Dlaczego jestem przeciwniczką całkowitego odstawienia od piersi? Im dłużej karmisz piersią, tym lepiej - i dla dziecka, i dla Ciebie! Karmimy wyłącznie mlekiem z piersi przez pierwsze półrocze życia. Potem łagodnie wprowadzamy posiłki stałe tak, by mleko stanowiło 80-90% diety maluszka. WHO zaleca karmienie piersią minimum do 2 lat lub dłużej, gdy mama i dziecko tego chcą. Karmienie piersią m.in. obniża szansę na zachorowanie na raka piersi czy osteoporozę. Dlaczego jestem przeciwniczką cierpietniczego podejścia do macierzyństwa? Bo same wiemy, kiedy przekroczyłysmy granice normalnego funkcjonowania. Gdy życie traci ostatnie oznaki normalności, trzeba wreszcie sobie pomóc. Czasem oznacza to pewien minus dla dziecka (brak wartościowego mleka nocą), ale odstawienie prawdopodobnie mniejszą liczbę pobudek, a to z kolei daje dziecku opiekę bardziej wyspanej mamy.
* Tak, płacz. Dlaczego piszę, że "bez wypłakiwania", a tu nagle płacz? Otóż dlatego, że płacz płaczowi nierówny. Gdy rodzic aktywnie uczestniczy w trudnych emocjach dziecka, to nie możemy mówić o wypłakiwaniu. Małe dzieci płaczem się komunikują, stąd zawsze pojawi się ten element komunikacji i ekspresji - to od nas, rodziców, zależy, co z tego wyniesie dziecko. Czy poczucie, że rodzice mają je w nosie, strach, osamotnienie, złość, czy może uczucie bycia wspieranym, rozumianym przez dorosłego.

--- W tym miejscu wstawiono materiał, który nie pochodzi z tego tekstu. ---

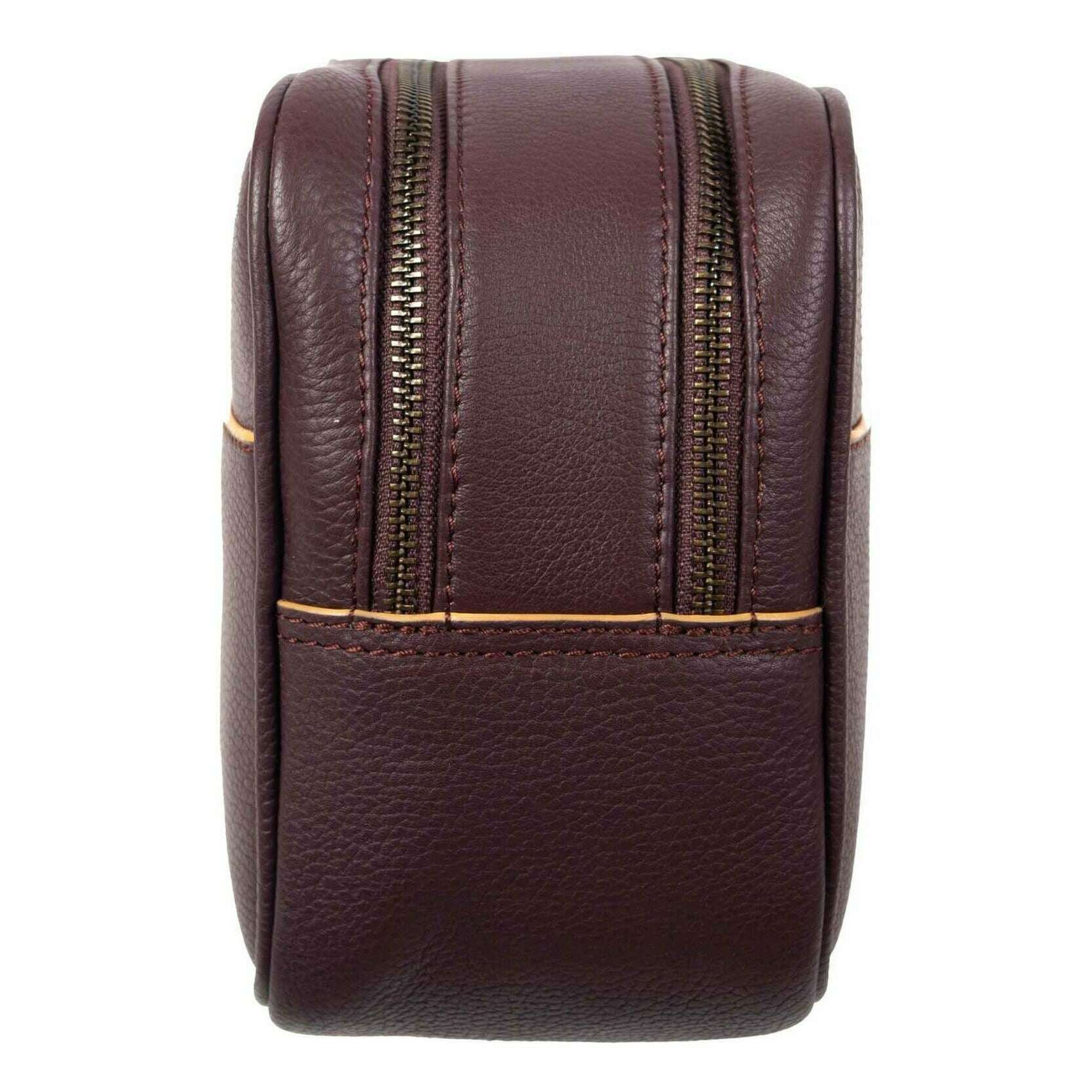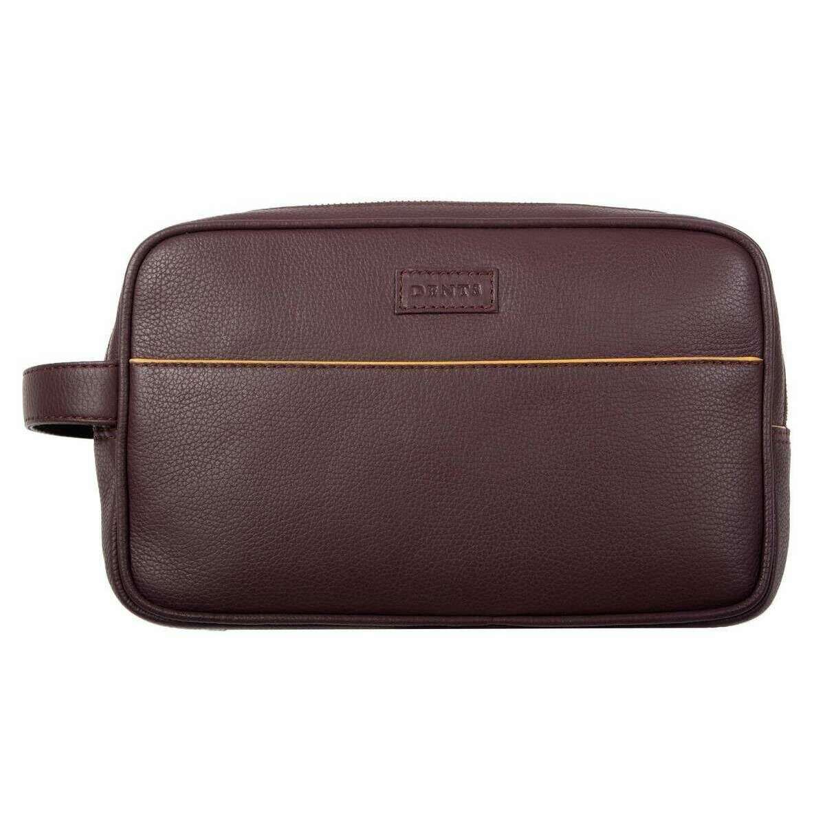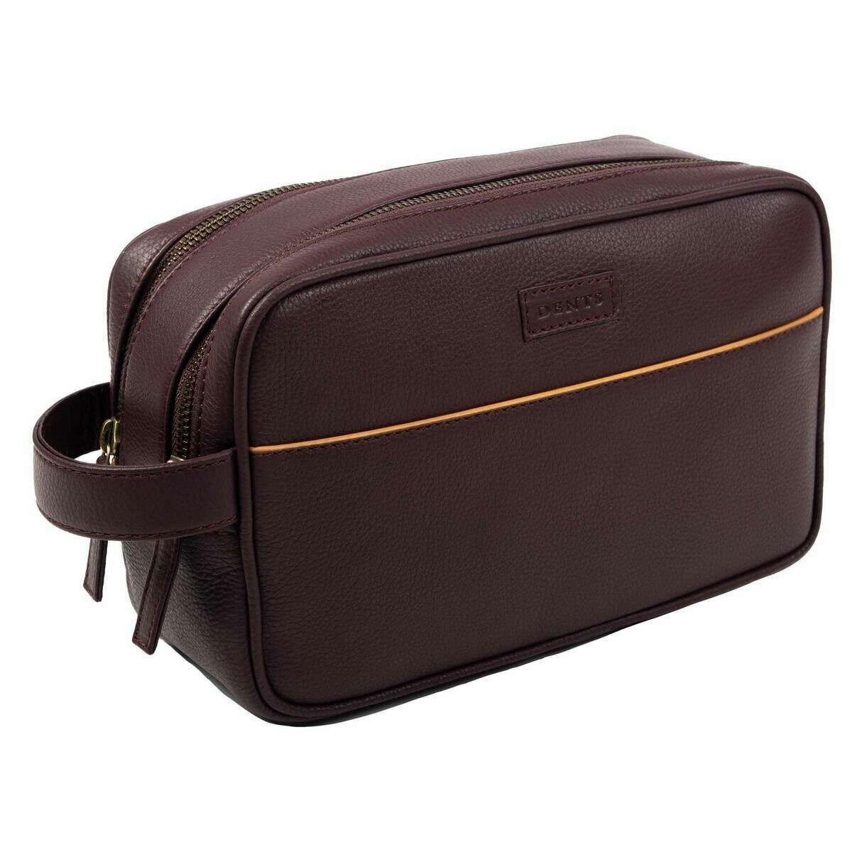Perfect for men is this Dents bordeaux burgundy/light tan cherwell wash bag, it is also made from 100% pebble grain leather. It measures 25cm(height) x 15cm(width) x 10cm(depth). All the bags come complete with dents tags. The Dents Cherwell Wash Bag - Bordeaux Burgundy/Light Tan will be perfect for everyday use and a handy companion on your travels. It has two large separate zipped compartments as well as interior slip pockets. This bag is made easy to carry with a leather side handle and is also waterproof. The outside of the bag has the embossed Dents logo for a sophisticated look.

** Mówilismy prosto, że gdy Igi obudzi się w nocy, nie dostanie mleka, za to będzie tyle wody ile dusza zapragnie. Mówiliśmy mu, że będziemy go tulić aż zaśnie. I będziemy przy nim, jeśli będzie mu źle.
*** Mimo mlecznych piersi zaczęłam odstawiać Ignasia sama. Ponieważ miałam więcej cierpliwości niż Kwiatowy Tato, szło mi to lepiej i wszyscy byli zadowoleni z podziału ról.